Write every line below out again exactly, images omitted.

[Opening Dataset section section]

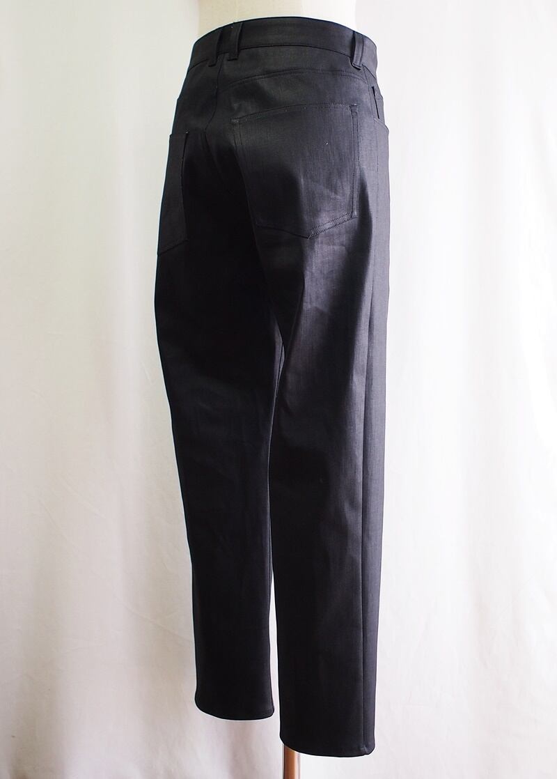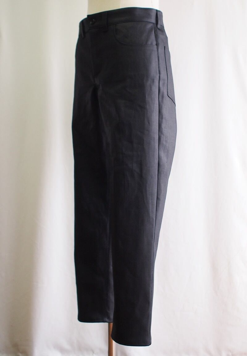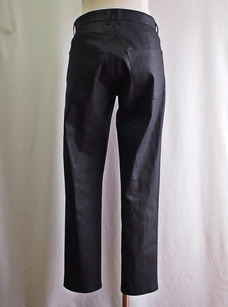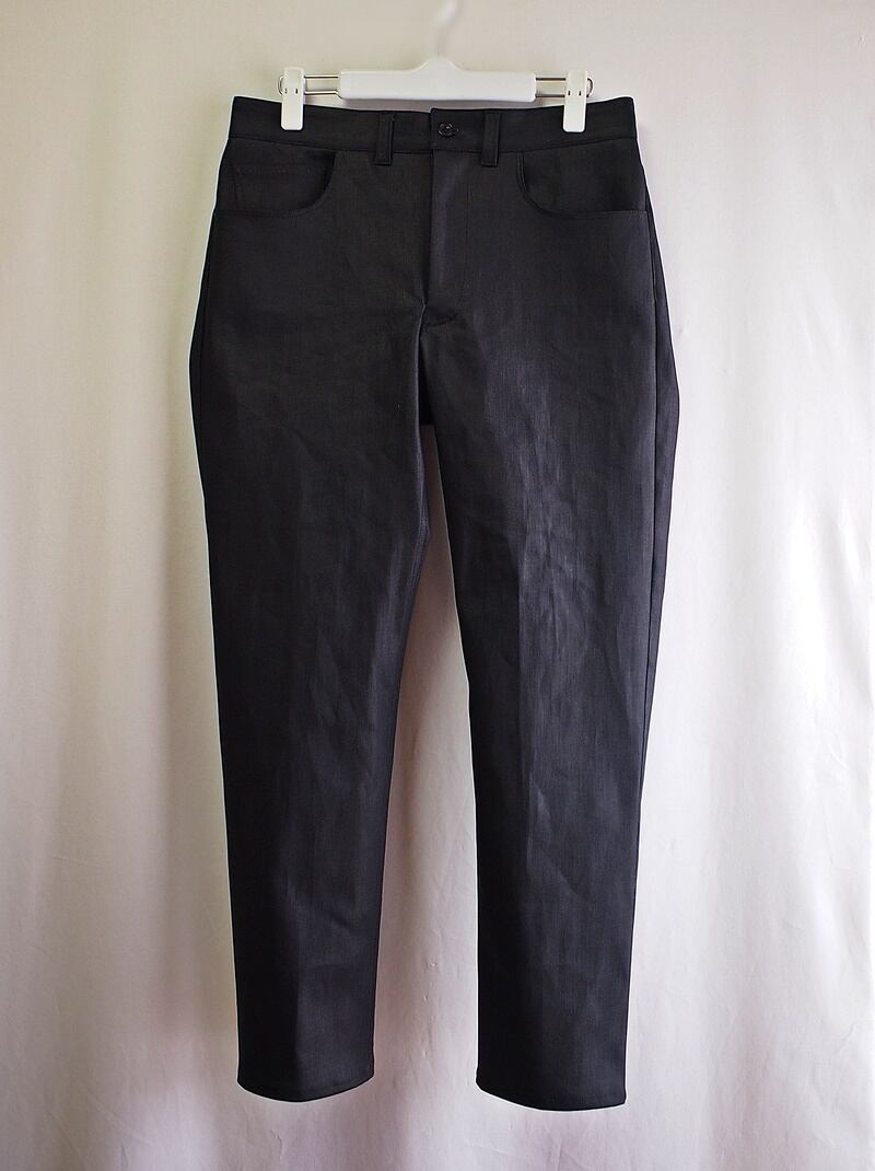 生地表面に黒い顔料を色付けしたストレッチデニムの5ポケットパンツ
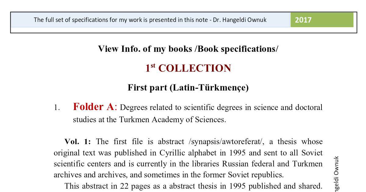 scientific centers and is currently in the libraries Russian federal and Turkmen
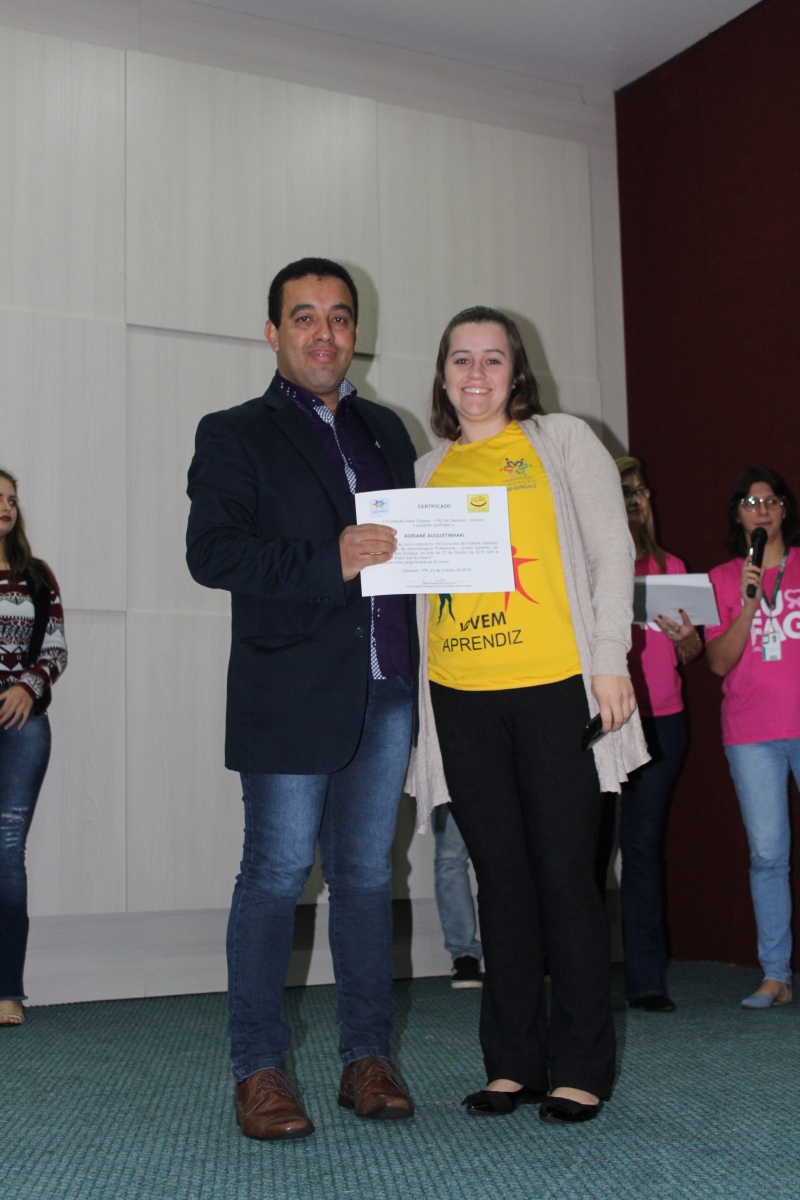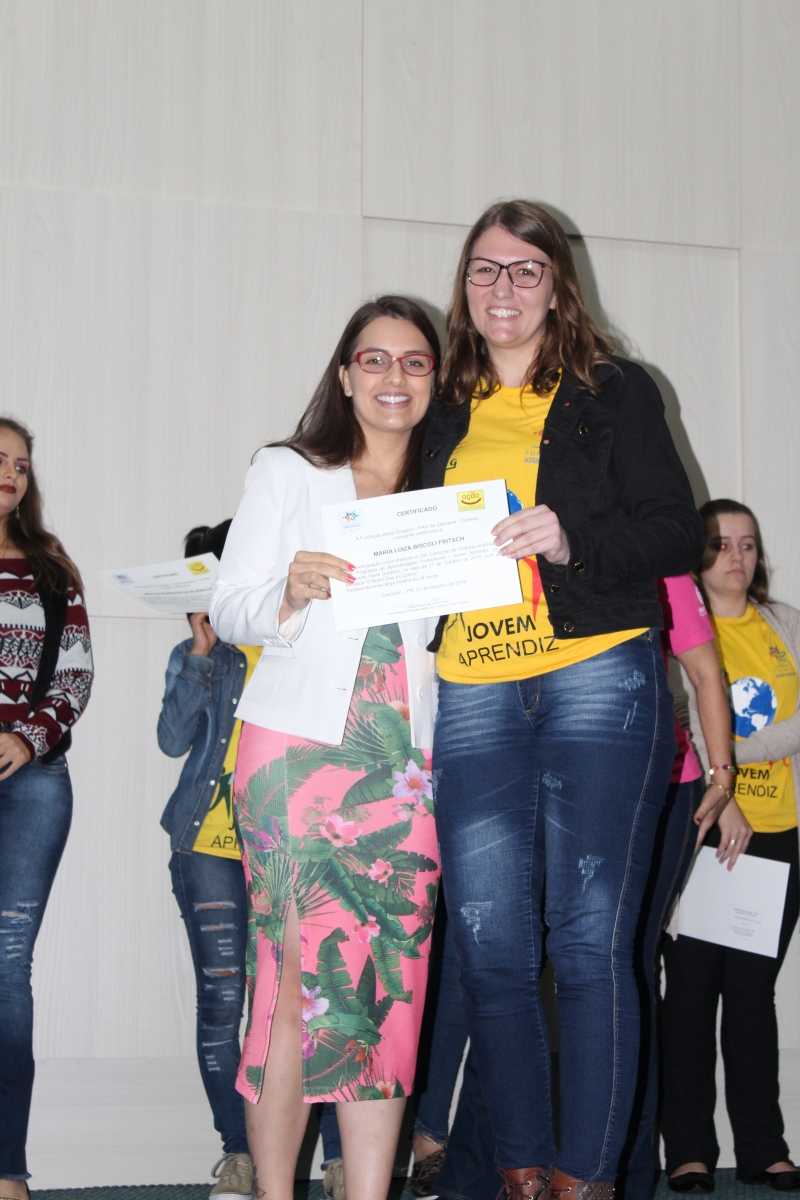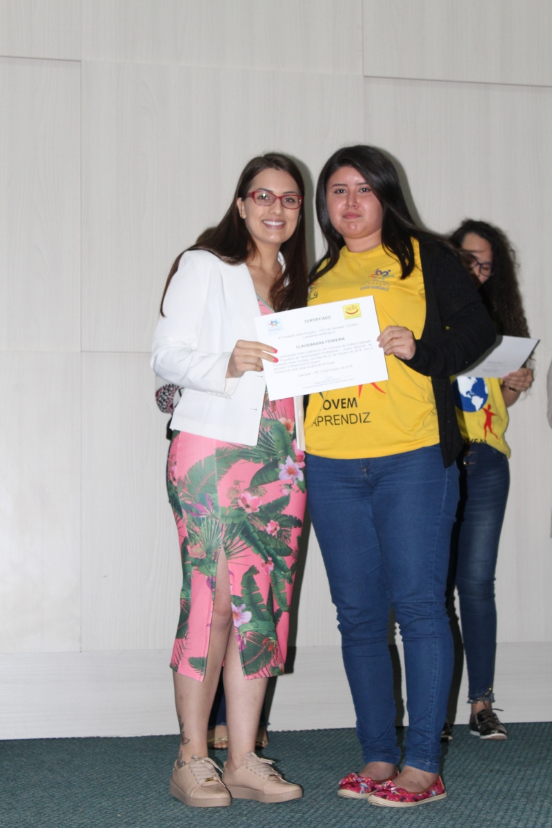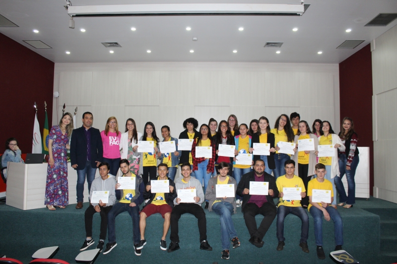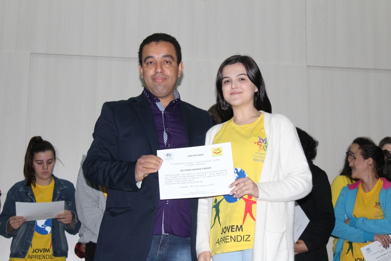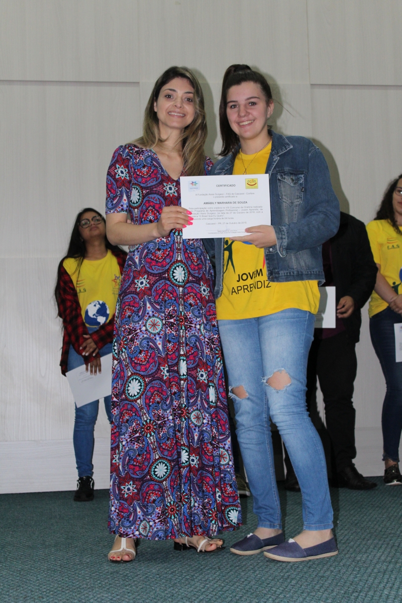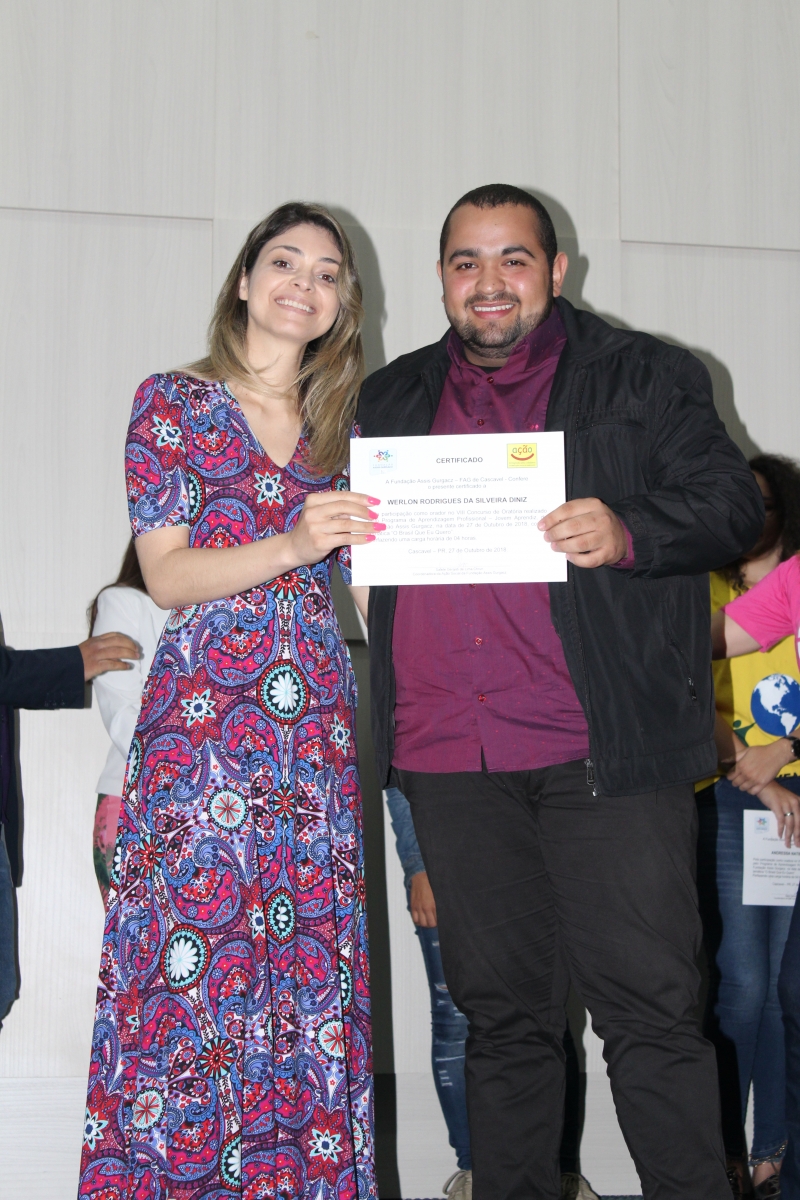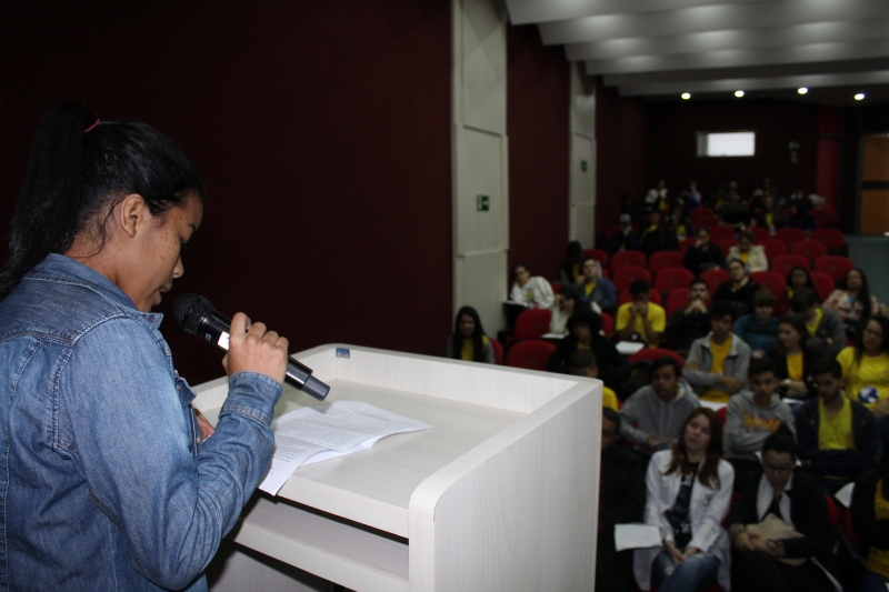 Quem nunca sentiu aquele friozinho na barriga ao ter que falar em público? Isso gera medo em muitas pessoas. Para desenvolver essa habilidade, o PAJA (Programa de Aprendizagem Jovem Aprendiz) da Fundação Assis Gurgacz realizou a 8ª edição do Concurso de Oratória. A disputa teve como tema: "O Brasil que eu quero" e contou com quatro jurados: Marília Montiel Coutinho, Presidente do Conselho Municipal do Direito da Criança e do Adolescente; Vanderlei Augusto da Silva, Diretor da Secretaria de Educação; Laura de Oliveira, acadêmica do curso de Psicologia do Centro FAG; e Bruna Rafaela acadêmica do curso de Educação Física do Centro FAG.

[Closing Dataset section section]

▸ **Response to this exercise**
 生地表面に黒い顔料を色付けしたストレッチデニムの5ポケットパンツ
 scientific centers and is currently in the libraries Russian federal and Turkmen
 Quem nunca sentiu aquele friozinho na barriga ao ter que falar em público? Isso gera medo em muitas pessoas. Para desenvolver essa habilidade, o PAJA (Programa de Aprendizagem Jovem Aprendiz) da Fundação Assis Gurgacz realizou a 8ª edição do Concurso de Oratória. A disputa teve como tema: "O Brasil que eu quero" e contou com quatro jurados: Marília Montiel Coutinho, Presidente do Conselho Municipal do Direito da Criança e do Adolescente; Vanderlei Augusto da Silva, Diretor da Secretaria de Educação; Laura de Oliveira, acadêmica do curso de Psicologia do Centro FAG; e Bruna Rafaela acadêmica do curso de Educação Física do Centro FAG.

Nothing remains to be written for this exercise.